All the entries need to be duplicated exactly, with the pictures omitted.

> **RECORDS SUPPLIED**
===
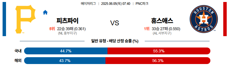 피츠버그 대 휴스턴 MLB 06월05일 맞대결 생중계, 스포츠중계, 스포츠분석
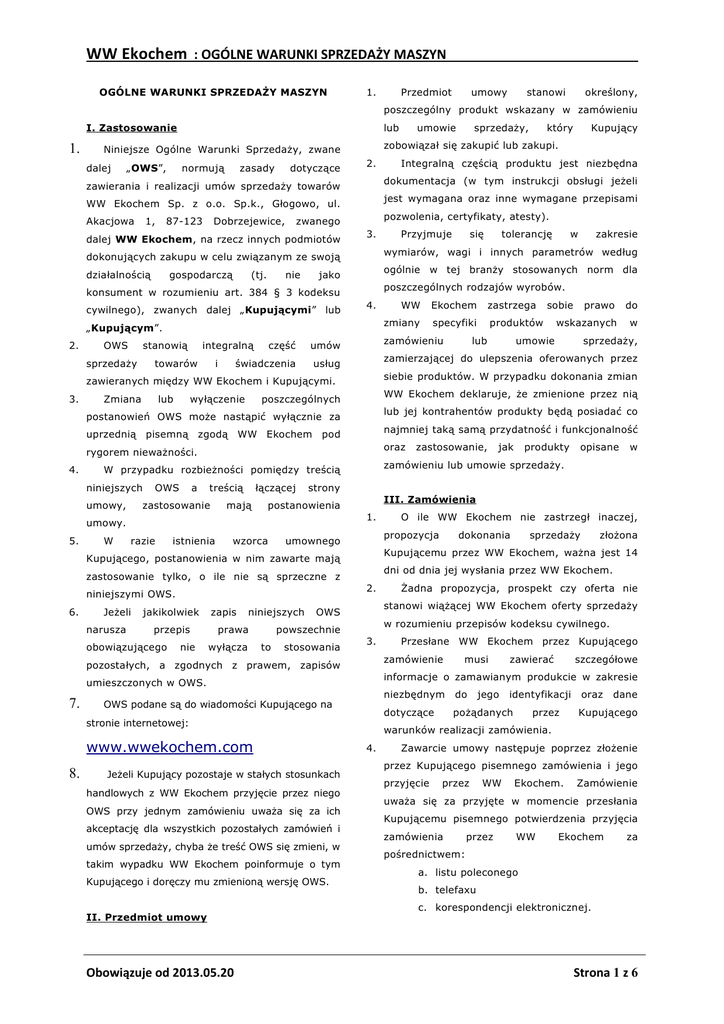 WW Ekochem : OGÓLNE WARUNKI SPRZEDAŻY MASZYN OGÓLNE WARUNKI SPRZEDAŻY MASZYN 1. Przedmiot umowy stanowi określony, poszczególny produkt wskazany w zamówieniu I. Zastosowanie 1. lub Niniejsze Ogólne Warunki Sprzedaży, zwane dalej „OWS”, normują zasady dotyczące 2. 87-123 Dobrzejewice, 3. gospodarczą (tj. nie 4. „Kupującym”. OWS stanowią sprzedaży integralną towarów i część umów świadczenia usług Zmiana lub wyłączenie a W treścią zastosowanie razie łączącej mają istnienia wzorca narusza przepis obowiązującego nie zapis niniejszych prawa 1. wyłącza to stosowania handlowych z WW Ekochem przyjęcie przez niego OWS przy jednym zamówieniu uważa się za ich akceptację dla wszystkich pozostałych zamówień i umów sprzedaży, chyba że treść OWS się zmieni, w takim wypadku WW Ekochem poinformuje o tym Kupującego i doręczy mu zmienioną wersję OWS. II. Przedmiot umowy Obowiązuje od 2013.05.20 produkty opisane w O ile WW Ekochem nie zastrzegł inaczej, dokonania sprzedaży złożona Żadna propozycja, prospekt czy oferta nie w rozumieniu przepisów kodeksu cywilnego. 3. Przesłane WW Ekochem przez Kupującego zamówienie musi zawierać szczegółowe informacje o zamawianym produkcie w zakresie OWS podane są do wiadomości Kupującego na Jeżeli Kupujący pozostaje w stałych stosunkach jak stanowi wiążącej WW Ekochem oferty sprzedaży stronie internetowej: 8. w sprzedaży, dni od dnia jej wysłania przez WW Ekochem. 2. umieszczonych w OWS. www.wwekochem.com wskazanych umowie Kupującemu przez WW Ekochem, ważna jest 14 pozostałych, a zgodnych z prawem, zapisów 7. zastosowanie, propozycja OWS powszechnie do III. Zamówienia umownego niniejszymi OWS. jakikolwiek produktów lub prawo zamówieniu lub umowie sprzedaży. strony postanowienia zastosowanie tylko, o ile nie są sprzeczne z Jeżeli specyfiki sobie najmniej taką samą przydatność i funkcjonalność Kupującego, postanowienia w nim zawarte mają 6. zmiany oraz umowy. 5. zastrzega lub jej kontrahentów produkty będą posiadać co W przypadku rozbieżności pomiędzy treścią OWS Ekochem WW Ekochem deklaruje, że zmienione przez nią poszczególnych rygorem nieważności. umowy, zakresie siebie produktów. W przypadku dokonania zmian uprzednią pisemną zgodą WW Ekochem pod niniejszych w zamierzającej do ulepszenia oferowanych przez postanowień OWS może nastąpić wyłącznie za 4. tolerancję WW zamówieniu zawieranych między WW Ekochem i Kupującymi. 3. się poszczególnych rodzajów wyrobów. konsument w rozumieniu art. 384 § 3 kodeksu 2. Przyjmuje ogólnie w tej branży stosowanych norm dla jako cywilnego), zwanych dalej „Kupującymi” lub Integralną częścią produktu jest niezbędna wymiarów, wagi i innych parametrów według dokonujących zakupu w celu związanym ze swoją działalnością Kupujący pozwolenia, certyfikaty, atesty). zwanego dalej WW Ekochem, na rzecz innych podmiotów który jest wymagana oraz inne wymagane przepisami WW Ekochem Sp. z o.o. Sp.k., Głogowo, ul. 1, sprzedaży, dokumentacja (w tym instrukcji obsługi jeżeli zawierania i realizacji umów sprzedaży towarów Akacjowa umowie zobowiązał się zakupić lub zakupi. niezbędnym do jego identyfikacji dotyczące pożądanych przez oraz dane Kupującego warunków realizacji zamówienia. 4. Zawarcie umowy następuje poprzez złożenie przez Kupującego pisemnego zamówienia i jego przyjęcie przez WW Ekochem. Zamówienie uważa się za przyjęte w momencie przesłania Kupującemu pisemnego potwierdzenia przyjęcia zamówienia przez WW Ekochem za pośrednictwem: a. listu poleconego b. telefaxu c. korespondencji elektronicznej. Strona 1 z 6 WW Ekochem : OGÓLNE WARUNKI SPRZEDAŻY MASZYN 5. lub nadmiernie utrudnione. O fakcie takim WW Samo złożenie zamówienia nie wiąże WW Ekochem poinformuje Kupującego. Ekochem, zaś brak jego odpowiedzi nie będzie 11. oznaczał milczącego przyjęcia zamówienia. 6. Składając zamówienie, Kupujący przedstawia W przypadku zamawiania przez Kupującego towarów niestandardowych (tj. produkowanych WW Ekochem swoje szczegółowe dane, a na lub specjalnie zamawianych na zamówienie żądanie Kupującego) wymagane jest wpłacenie przez WW Ekochem kopie następujących dokumentów: Kupującego ceny zamawianego towaru z góry, a. aktualnego odpisu przedsiębiorców z rejestru Krajowego chyba, że strony postanowią inaczej. Rejestru IV. Cena i warunki płatności Sądowego lub z ewidencji działalności gospodarczej, lub właściwego państwa dla odpowiednika w 1. lub wskazaną w umowie. Jeżeli nie ustalono zarejestrowany jest Kupującego, b. decyzji o nadaniu numeru REGON, inaczej podstawę ustalenia ceny stanowią ceny c. decyzji o nadaniu numeru NIP, towarów i usług WW Ekochem obowiązujące w d. formularzy F/01 oraz CIT-2 za ostatni dniu przyjęcia zamówienia lub podpisania umowy sprzedaży. okres obrachunkowy. 7. Kupujący zapłaci za towar cenę określoną przez WW Ekochem w potwierdzeniu zamówienia którym Obowiązek dotyczący przedstawienia 2. Jeżeli strony nie postanowiły inaczej dokumentów wymienionych w ust. 4 nie dotyczy wszystkie ceny podawane przez WW Ekochem są zamówień składanych przez Kupujących, którzy cenami netto, przez co rozumieć należy wartość pozostają ze WW Ekochem w stałych stosunkach bez podatku od towarów i usług, a także innych gospodarczych. opłat publicznoprawnych, o ile są należne. 8. WW Ekochem zastrzega sobie możliwość 3. Jeśli ceny wyrażono w walucie innej niż polski żądania od Kupującego - przed przystąpieniem złoty do realizacji zamówienia - ustanowienia - na równowartością w polskich złotych danej dewizy rzecz wg kursu jej sprzedaży ogłoszonego przez NBP z WW Ekochem – nieodwołalnych 4. a. gwarancji bankowej, na fakturze będzie Zapłata zostanie dokonana w terminie wskazanym c. polisy ubezpieczeniowej, bankowy WW Ekochem, przy czym dniem zapłaty e. weksla własnego będzi
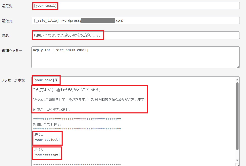 ①『題名』を『お問い合わせいただきありがとうございます。』等に変える。
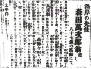 “Manjiro Morita died of pneumonia at Columbia Hospital yesterday at the age of 87. He was born on May 15, 1851 in Hyogo Prefecture. He first came to the United States in 1873, but because he did not have a passport, he was repatriated shortly after landing and served as an interpreter for the Hawaiian dynasty for a while.
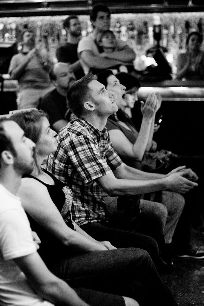 Patrons at the Flying Saucer watch Barack Obama’s nomination acceptance speech. August 28, 2008.
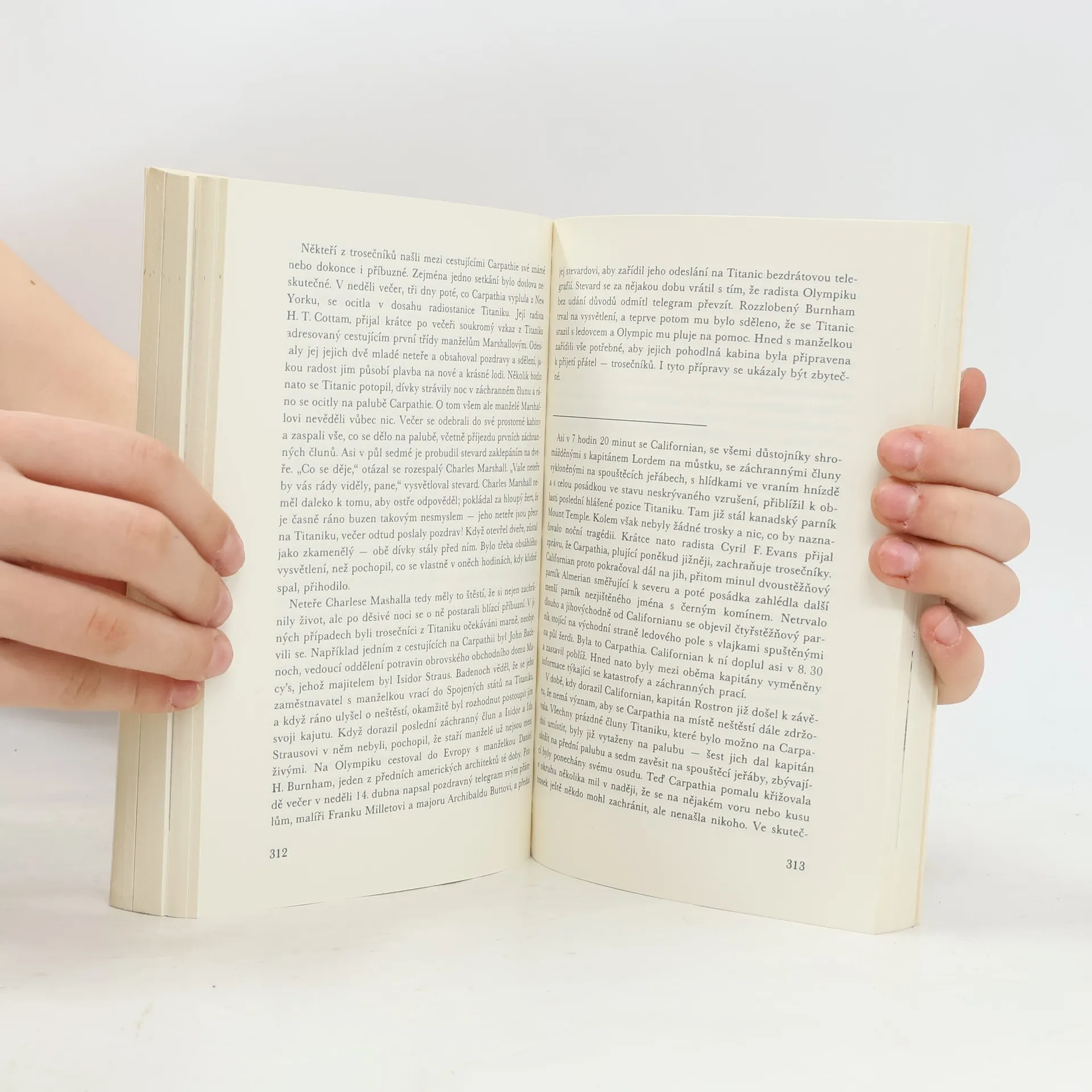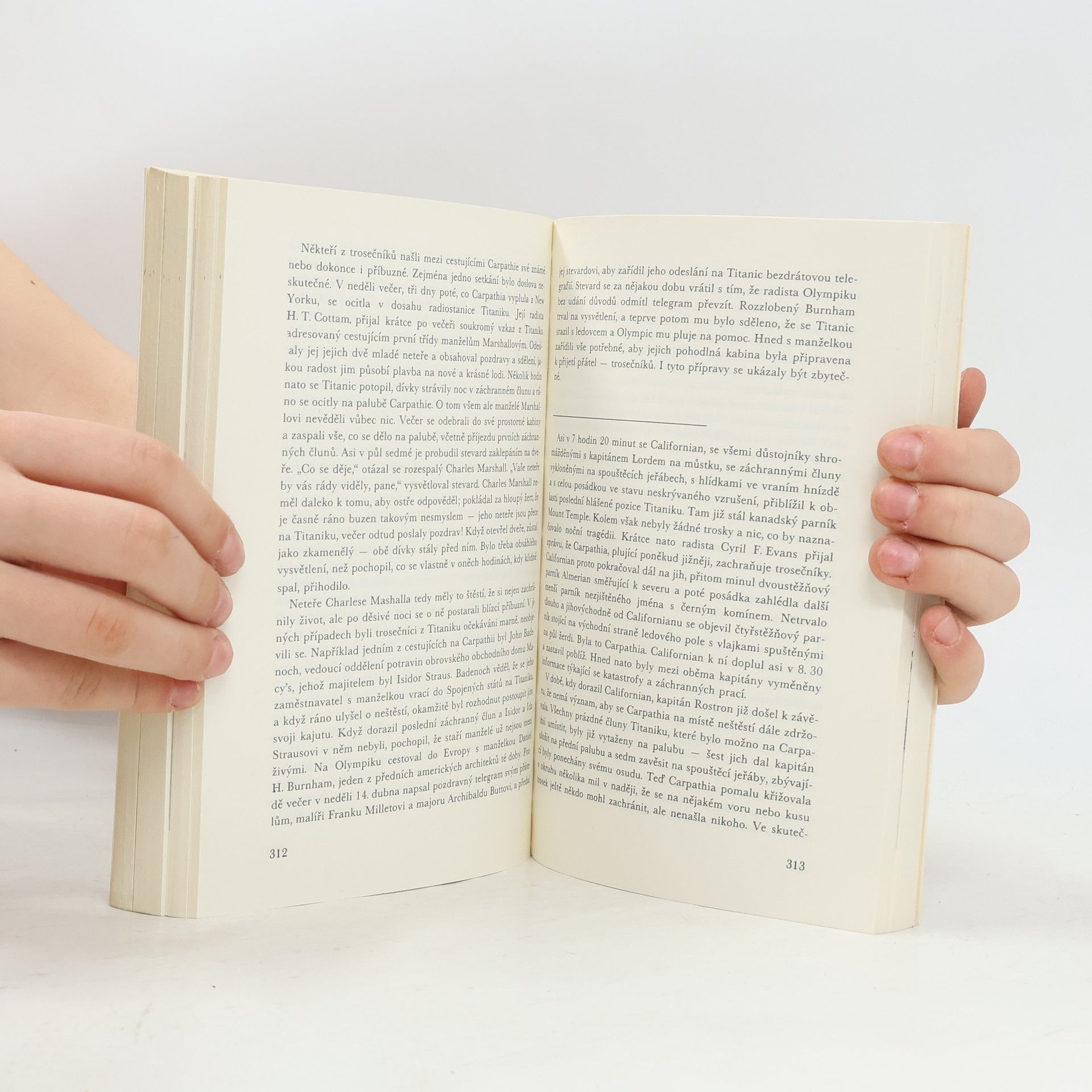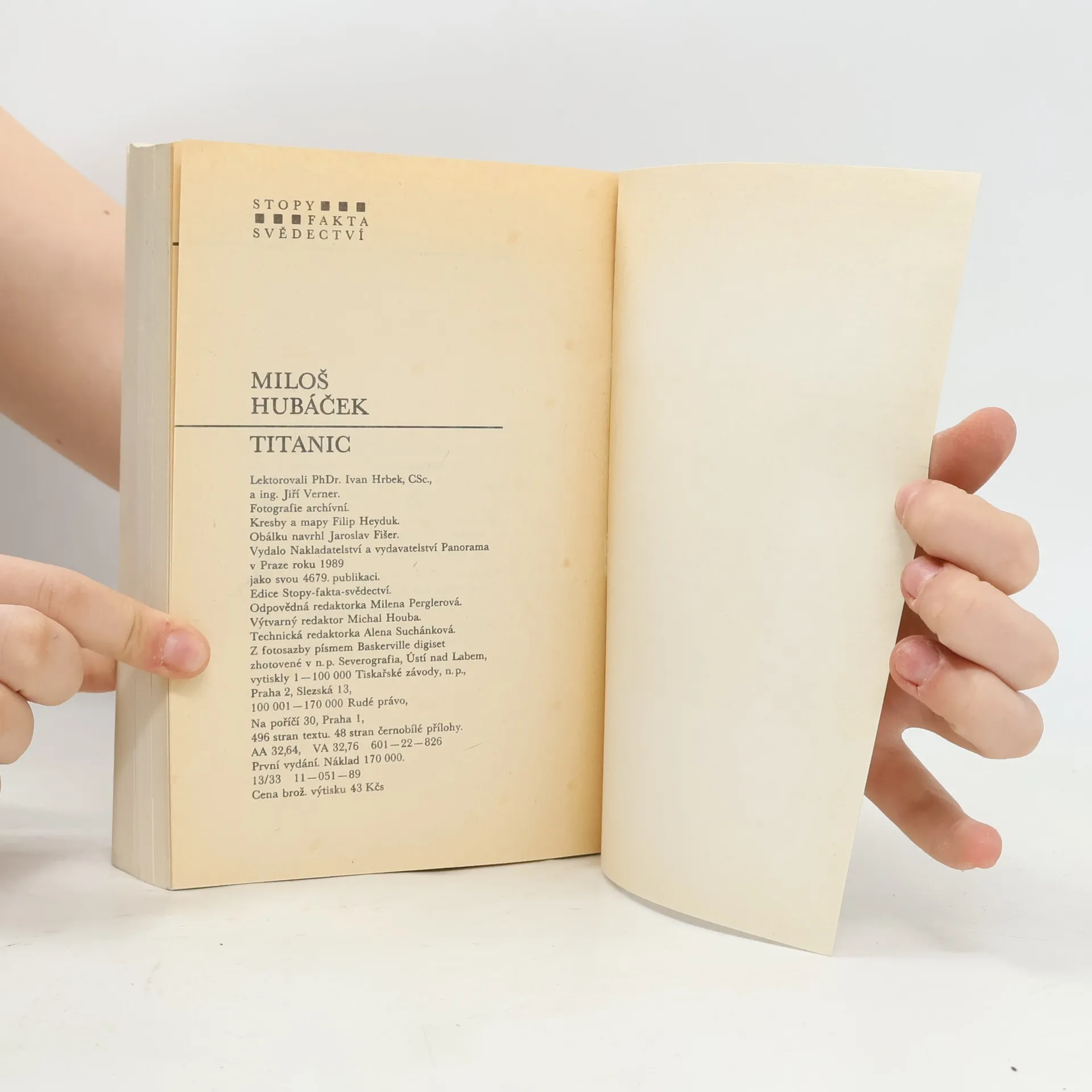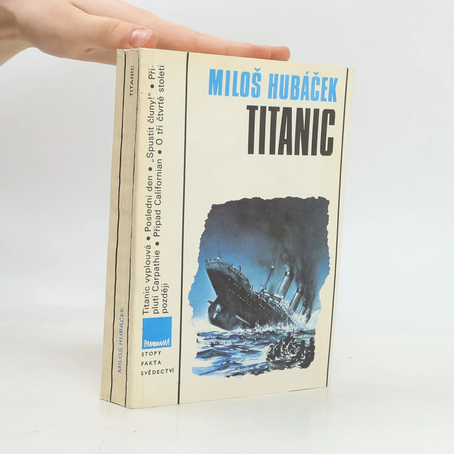 Titanic byl největší lodí světa své doby, měl to být triumf lidského génia a průmyslového věku. Byl též výrazem soupeření transoceánských společností, které se předháněly ve svých nabídkách. Loď dlouhá téměř 260 metrů měla pojmout až tři tisíce pasažerů, bylo to něco dosudnevídaného. 10. dubna 1912 vyplul ze Southamptonu na pravidelné lince do New Yorku, aby se představil v plné kráse všem lidem i mořským vlnám. Nikdo s nadšených a řádně hrdých pasažérů a členů posádky netušil, že je to také jeho poslední plavba. Co se odehrávalo na palubě, v podpalubích, na kapitánském můstku během oněch osudových chvil? 1. vydání. Edice: Stopy, fakta, svědectví Kresby a mp. Filip Heyduk. Obálka Jaroslav Fišer.
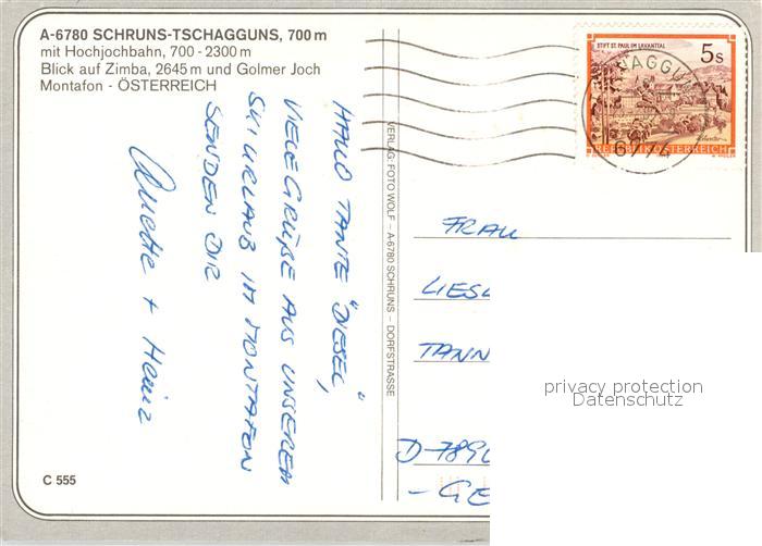 73280515 alte Postkarte Schruns Tschagguns mit Hochjochbahn Zimba und Golmer Joch postalisch gelaufen Erhaltung siehe scans [WerneD78] KatCode: 11390341080122
===
> **RESULT**
 피츠버그 대 휴스턴 MLB 06월05일 맞대결 생중계, 스포츠중계, 스포츠분석
 WW Ekochem : OGÓLNE WARUNKI SPRZEDAŻY MASZYN OGÓLNE WARUNKI SPRZEDAŻY MASZYN 1. Przedmiot umowy stanowi określony, poszczególny produkt wskazany w zamówieniu I. Zastosowanie 1. lub Niniejsze Ogólne Warunki Sprzedaży, zwane dalej „OWS”, normują zasady dotyczące 2. 87-123 Dobrzejewice, 3. gospodarczą (tj. nie 4. „Kupującym”. OWS stanowią sprzedaży integralną towarów i część umów świadczenia usług Zmiana lub wyłączenie a W treścią zastosowanie razie łączącej mają istnienia wzorca narusza przepis obowiązującego nie zapis niniejszych prawa 1. wyłącza to stosowania handlowych z WW Ekochem przyjęcie przez niego OWS przy jednym zamówieniu uważa się za ich akceptację dla wszystkich pozostałych zamówień i umów sprzedaży, chyba że treść OWS się zmieni, w takim wypadku WW Ekochem poinformuje o tym Kupującego i doręczy mu zmienioną wersję OWS. II. Przedmiot umowy Obowiązuje od 2013.05.20 produkty opisane w O ile WW Ekochem nie zastrzegł inaczej, dokonania sprzedaży złożona Żadna propozycja, prospekt czy oferta nie w rozumieniu przepisów kodeksu cywilnego. 3. Przesłane WW Ekochem przez Kupującego zamówienie musi zawierać szczegółowe informacje o zamawianym produkcie w zakresie OWS podane są do wiadomości Kupującego na Jeżeli Kupujący pozostaje w stałych stosunkach jak stanowi wiążącej WW Ekochem oferty sprzedaży stronie internetowej: 8. w sprzedaży, dni od dnia jej wysłania przez WW Ekochem. 2. umieszczonych w OWS. www.wwekochem.com wskazanych umowie Kupującemu przez WW Ekochem, ważna jest 14 pozostałych, a zgodnych z prawem, zapisów 7. zastosowanie, propozycja OWS powszechnie do III. Zamówienia umownego niniejszymi OWS. jakikolwiek produktów lub prawo zamówieniu lub umowie sprzedaży. strony postanowienia zastosowanie tylko, o ile nie są sprzeczne z Jeżeli specyfiki sobie najmniej taką samą przydatność i funkcjonalność Kupującego, postanowienia w nim zawarte mają 6. zmiany oraz umowy. 5. zastrzega lub jej kontrahentów produkty będą posiadać co W przypadku rozbieżności pomiędzy treścią OWS Ekochem WW Ekochem deklaruje, że zmienione przez nią poszczególnych rygorem nieważności. umowy, zakresie siebie produktów. W przypadku dokonania zmian uprzednią pisemną zgodą WW Ekochem pod niniejszych w zamierzającej do ulepszenia oferowanych przez postanowień OWS może nastąpić wyłącznie za 4. tolerancję WW zamówieniu zawieranych między WW Ekochem i Kupującymi. 3. się poszczególnych rodzajów wyrobów. konsument w rozumieniu art. 384 § 3 kodeksu 2. Przyjmuje ogólnie w tej branży stosowanych norm dla jako cywilnego), zwanych dalej „Kupującymi” lub Integralną częścią produktu jest niezbędna wymiarów, wagi i innych parametrów według dokonujących zakupu w celu związanym ze swoją działalnością Kupujący pozwolenia, certyfikaty, atesty). zwanego dalej WW Ekochem, na rzecz innych podmiotów który jest wymagana oraz inne wymagane przepisami WW Ekochem Sp. z o.o. Sp.k., Głogowo, ul. 1, sprzedaży, dokumentacja (w tym instrukcji obsługi jeżeli zawierania i realizacji umów sprzedaży towarów Akacjowa umowie zobowiązał się zakupić lub zakupi. niezbędnym do jego identyfikacji dotyczące pożądanych przez oraz dane Kupującego warunków realizacji zamówienia. 4. Zawarcie umowy następuje poprzez złożenie przez Kupującego pisemnego zamówienia i jego przyjęcie przez WW Ekochem. Zamówienie uważa się za przyjęte w momencie przesłania Kupującemu pisemnego potwierdzenia przyjęcia zamówienia przez WW Ekochem za pośrednictwem: a. listu poleconego b. telefaxu c. korespondencji elektronicznej. Strona 1 z 6 WW Ekochem : OGÓLNE WARUNKI SPRZEDAŻY MASZYN 5. lub nadmiernie utrudnione. O fakcie takim WW Samo złożenie zamówienia nie wiąże WW Ekochem poinformuje Kupującego. Ekochem, zaś brak jego odpowiedzi nie będzie 11. oznaczał milczącego przyjęcia zamówienia. 6. Składając zamówienie, Kupujący przedstawia W przypadku zamawiania przez Kupującego towarów niestandardowych (tj. produkowanych WW Ekochem swoje szczegółowe dane, a na lub specjalnie zamawianych na zamówienie żądanie Kupującego) wymagane jest wpłacenie przez WW Ekochem kopie następujących dokumentów: Kupującego ceny zamawianego towaru z góry, a. aktualnego odpisu przedsiębiorców z rejestru Krajowego chyba, że strony postanowią inaczej. Rejestru IV. Cena i warunki płatności Sądowego lub z ewidencji działalności gospodarczej, lub właściwego państwa dla odpowiednika w 1. lub wskazaną w umowie. Jeżeli nie ustalono zarejestrowany jest Kupującego, b. decyzji o nadaniu numeru REGON, inaczej podstawę ustalenia ceny stanowią ceny c. decyzji o nadaniu numeru NIP, towarów i usług WW Ekochem obowiązujące w d. formularzy F/01 oraz CIT-2 za ostatni dniu przyjęcia zamówienia lub podpisania umowy sprzedaży. okres obrachunkowy. 7. Kupujący zapłaci za towar cenę określoną przez WW Ekochem w potwierdzeniu zamówienia którym Obowiązek dotyczący przedstawienia 2. Jeżeli strony nie postanowiły inaczej dokumentów wymienionych w ust. 4 nie dotyczy wszystkie ceny podawane przez WW Ekochem są zamówień składanych przez Kupujących, którzy cenami netto, przez co rozumieć należy wartość pozostają ze WW Ekochem w stałych stosunkach bez podatku od towarów i usług, a także innych gospodarczych. opłat publicznoprawnych, o ile są należne. 8. WW Ekochem zastrzega sobie możliwość 3. Jeśli ceny wyrażono w walucie innej niż polski żądania od Kupującego - przed przystąpieniem złoty do realizacji zamówienia - ustanowienia - na równowartością w polskich złotych danej dewizy rzecz wg kursu jej sprzedaży ogłoszonego przez NBP z WW Ekochem – nieodwołalnych 4. a. gwarancji bankowej, na fakturze będzie Zapłata zostanie dokonana w terminie wskazanym c. polisy ubezpieczeniowej, bankowy WW Ekochem, przy czym dniem zapłaty e. weksla własnego będzi
 ①『題名』を『お問い合わせいただきありがとうございます。』等に変える。
 “Manjiro Morita died of pneumonia at Columbia Hospital yesterday at the age of 87. He was born on May 15, 1851 in Hyogo Prefecture. He first came to the United States in 1873, but because he did not have a passport, he was repatriated shortly after landing and served as an interpreter for the Hawaiian dynasty for a while.
 Patrons at the Flying Saucer watch Barack Obama’s nomination acceptance speech. August 28, 2008.
 Titanic byl největší lodí světa své doby, měl to být triumf lidského génia a průmyslového věku. Byl též výrazem soupeření transoceánských společností, které se předháněly ve svých nabídkách. Loď dlouhá téměř 260 metrů měla pojmout až tři tisíce pasažerů, bylo to něco dosudnevídaného. 10. dubna 1912 vyplul ze Southamptonu na pravidelné lince do New Yorku, aby se představil v plné kráse všem lidem i mořským vlnám. Nikdo s nadšených a řádně hrdých pasažérů a členů posádky netušil, že je to také jeho poslední plavba. Co se odehrávalo na palubě, v podpalubích, na kapitánském můstku během oněch osudových chvil? 1. vydání. Edice: Stopy, fakta, svědectví Kresby a mp. Filip Heyduk. Obálka Jaroslav Fišer.
 73280515 alte Postkarte Schruns Tschagguns mit Hochjochbahn Zimba und Golmer Joch postalisch gelaufen Erhaltung siehe scans [WerneD78] KatCode: 11390341080122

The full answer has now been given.